Run 2: Scenario E on Sonnet 4.5 — Inconclusive
The environment wasn’t reset between runs (operator error). However, this run surfaced an unexpected finding: the character skipped reading files entirely on a short message, going straight from the user’s one-line input to attempting writes. This led to Patch 2 and Scenario E being added to the eval.
Run 3: Scenario E on Sonnet 4.5 — Score: 0.9
After applying the short-message patch and resetting the environment:
- Start protocol: Passed. The character read all files before responding, even on a one-line message.
- Read-informed update: Passed. The workboard diff proved the reads informed the writes — the character split a compound task into two items, checking off the completed portion. This decomposition only makes sense if it read the existing task structure.
- Update accuracy: Passed. Correct item updated, no duplicates, stale notes cleaned up.
- Bookmark: Partial (0.5). The DSL line was updated correctly, but a markdown narrative body from a previous format drift was left stale.
- End protocol: Passed. Natural verbal signal, tool calls executed, appropriate brevity.
Emergent Findings
Finding 1: Start Protocol Skip on Short Messages (Resolved)
Short, task-specific messages caused the model to skip file reads and go straight to acting on the request. The read felt like overhead on a one-liner, so the model optimized it away. But the read is what makes the write accurate.
Takeaway: When a protocol has an efficiency cost, models will skip it in contexts where the cost seems disproportionate. If the protocol matters regardless of context, say so explicitly.
Finding 2: Bookmark Format Drift (Open)
The bookmark was originally designed as a compact DSL line. Over time, the actual file had grown to include a full markdown narrative below the DSL line. The instructions only specified the DSL format — so the character updated what the instructions defined and left the narrative body untouched, creating a contradictory file.

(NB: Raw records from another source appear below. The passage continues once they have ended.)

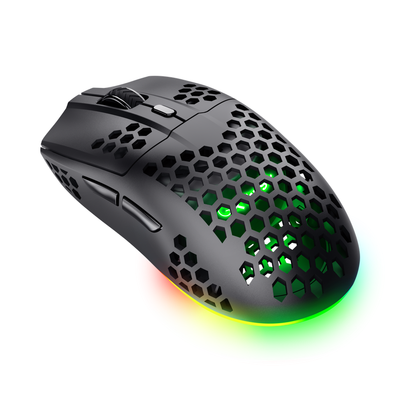 Trust GXT 929 Helox. Form factor: Right-hand. Movement detection technology: Optical, Device interface: RF Wireless, Movement resolution: 4800 DPI, Buttons type: Pressed buttons, Buttons quantity: 6, Scroll type: Wheel. Illumination colour: Multi. Power source: Batteries. Product colour: Black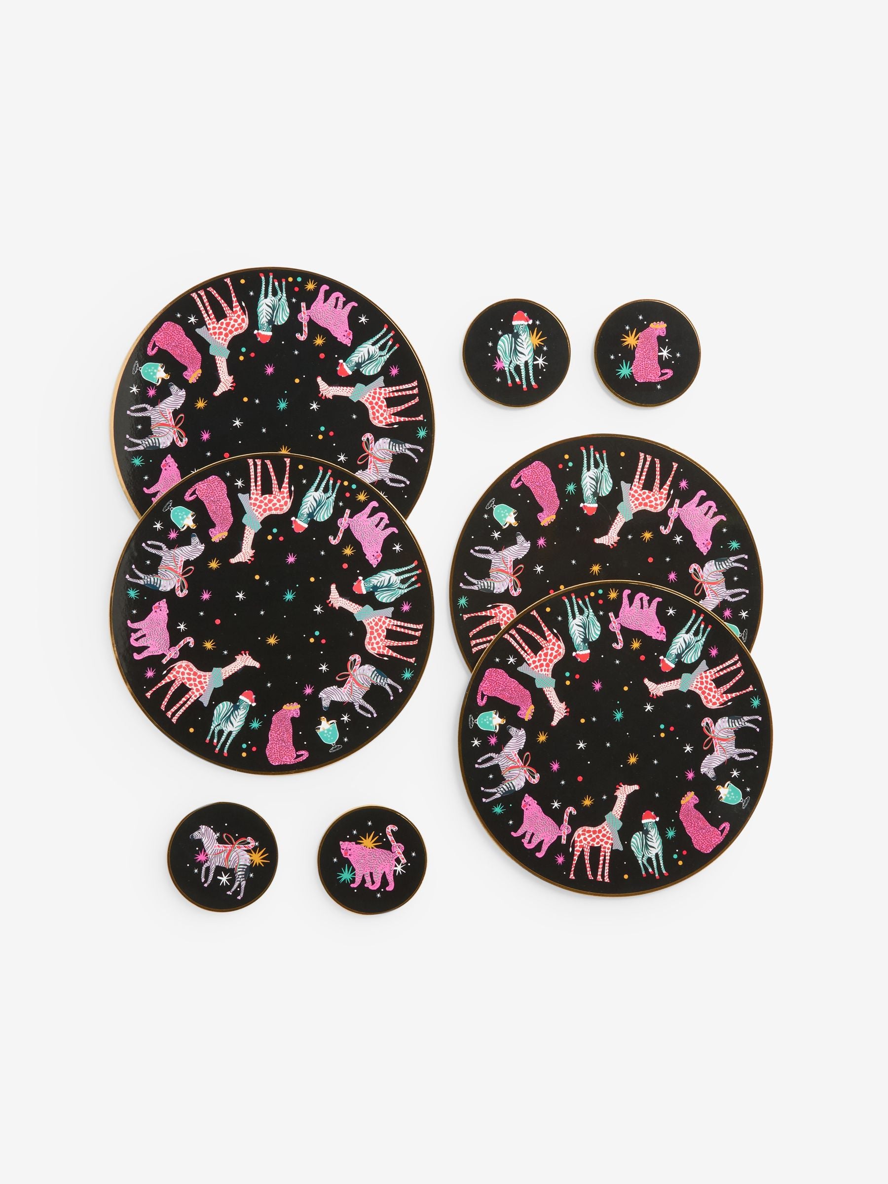 Get ready to party with this vibrant set of corkback placemats and matching coasters, each featuring a playful and colourful design of animals celebrating!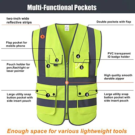 Bolsillos multifunción-Chaleco de seguridad de alta visibilidad diseñado con 5 bolsillos, 3 de los cuales tienen velcro flip-top para evitar que los artículos se caigan, 1 clip de insignia de identificación transparente de PVC en la parte delantera,. 1 bolsillo con solapa y 1 bolsillo pequeño para herramientas como linternas o bolígrafos. A continuación se muestran dos bolsillos de gran capacidad que pueden contener teléfonos móviles, cuadernos y otros artículos.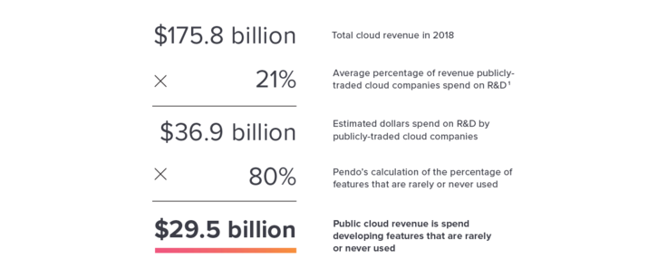 Based on an aggregation of anonymized product usage data, Pendo determined that 80 percent of features in the average software product are rarely or never used. Publicly-traded cloud software companies collectively invested up to $29.5 billion developing these features, dollars that could have been spent on higher value features and unrealized customer value.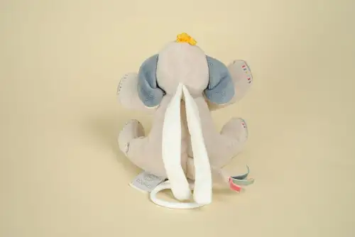 Doudou Eléphant Musical Beige et Bleu Wapi Bao NOUKIE’S 16 cm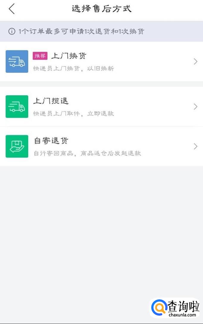 进入后,上面会出现上门换货、上门揽退、自行退货三个服务项目,选择上门揽退就可以了。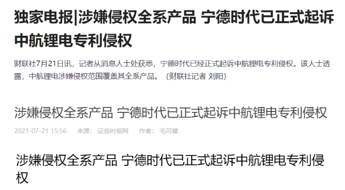7月21日,多方媒體報(bào)道寧德時(shí)代已經(jīng)正式起訴中航鋰電專利侵權(quán),中航鋰電涉嫌侵權(quán)范圍覆蓋其全系產(chǎn)品。法律界人士表示,中航鋰電一旦敗訴,全系產(chǎn)品可能面臨禁售。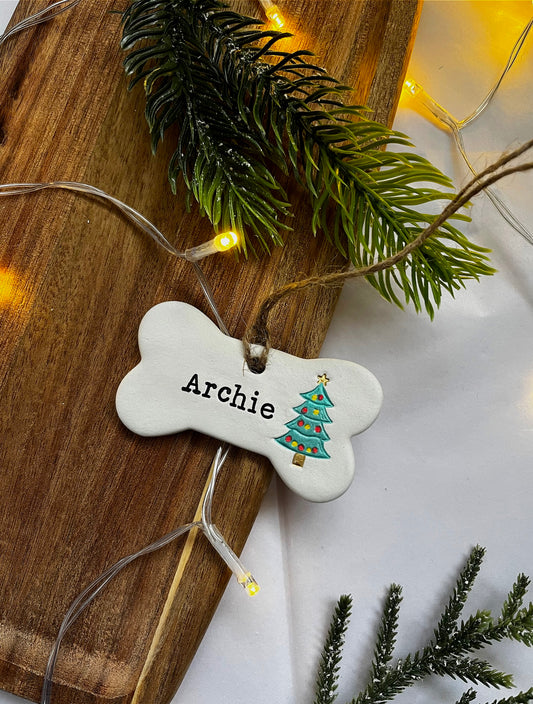 Christmas dog bone personalised decoration / pets / personalised / clay / handmade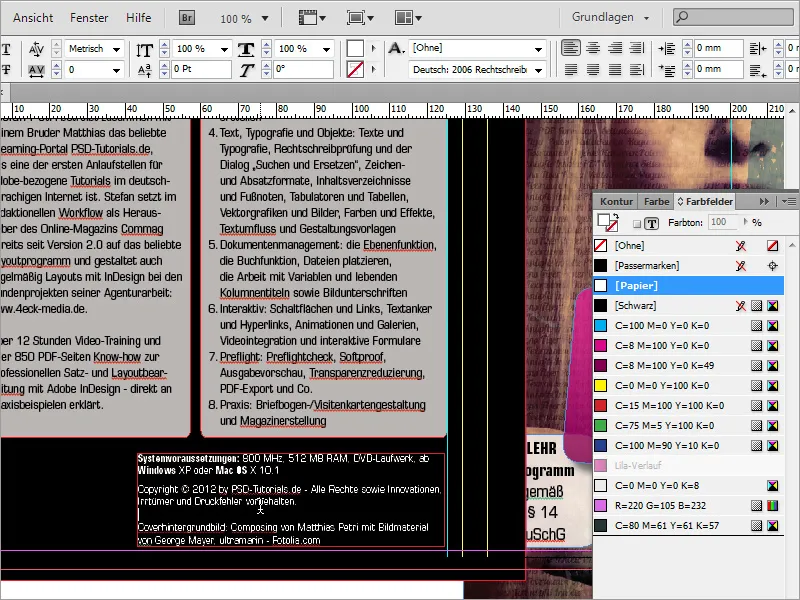 Kiekviename DVD yra pagrindinė informacija apie sistemos reikalavimus ar naudojamus multimedijos standartus. Ši informacija žinoma taip pat turi būti patalpinta šiame puslapyje. Tam dar kartą jums prireiks Teksto įrankio, su kuriuo paslenkate tekstyną po abiejais tekstų seklumais ir užpildote jį būtinomis žiniomis. Čia vėl buvo naudojamas Šrifto šriftas Eurostile LT Std, 8 pt šrifto dydis.

Takeaway: When file formats drift from their specification, the AI will follow the spec. If the file contains more than the spec describes, that extra content becomes orphaned — maintained by momentum but not by instruction.
Methodology Takeaways
For anyone evaluating behavioral AI systems (character consistency, tool-use protocols, file I/O patterns):
1. Diff, don’t judge. Objective file diffs are more reliable than subjective assessment. The baseline/diff approach turns behavioral evaluation into something verifiable.
2. Staging environments are cheap and essential. Swapping a single path variable created a complete test harness that protected production data.
3. Classify failures before fixing them. “It didn’t work” is not actionable. Distinguishing instruction gaps from execution gaps from model gaps leads to completely different fixes.
4. Evals surface more than they test. Both emergent findings were discovered during eval runs, not by prior analysis. Running scenarios against real file state reveals interaction effects that instruction review alone misses.
5. Enforcement language works — but only where it’s applied. The start protocol had it and worked. The end protocol didn’t and failed. Adding matching enforcement language fixed it.
6. The model knows more than it executes. In every failed run, the character demonstrated awareness of what it should do. The gap was between knowing and doing. Instruction patches that connect awareness to action are more effective than patches that try to create awareness from scratch.
Based on eval-03 of the AKS v1 (AI Knowledge System), February 2026.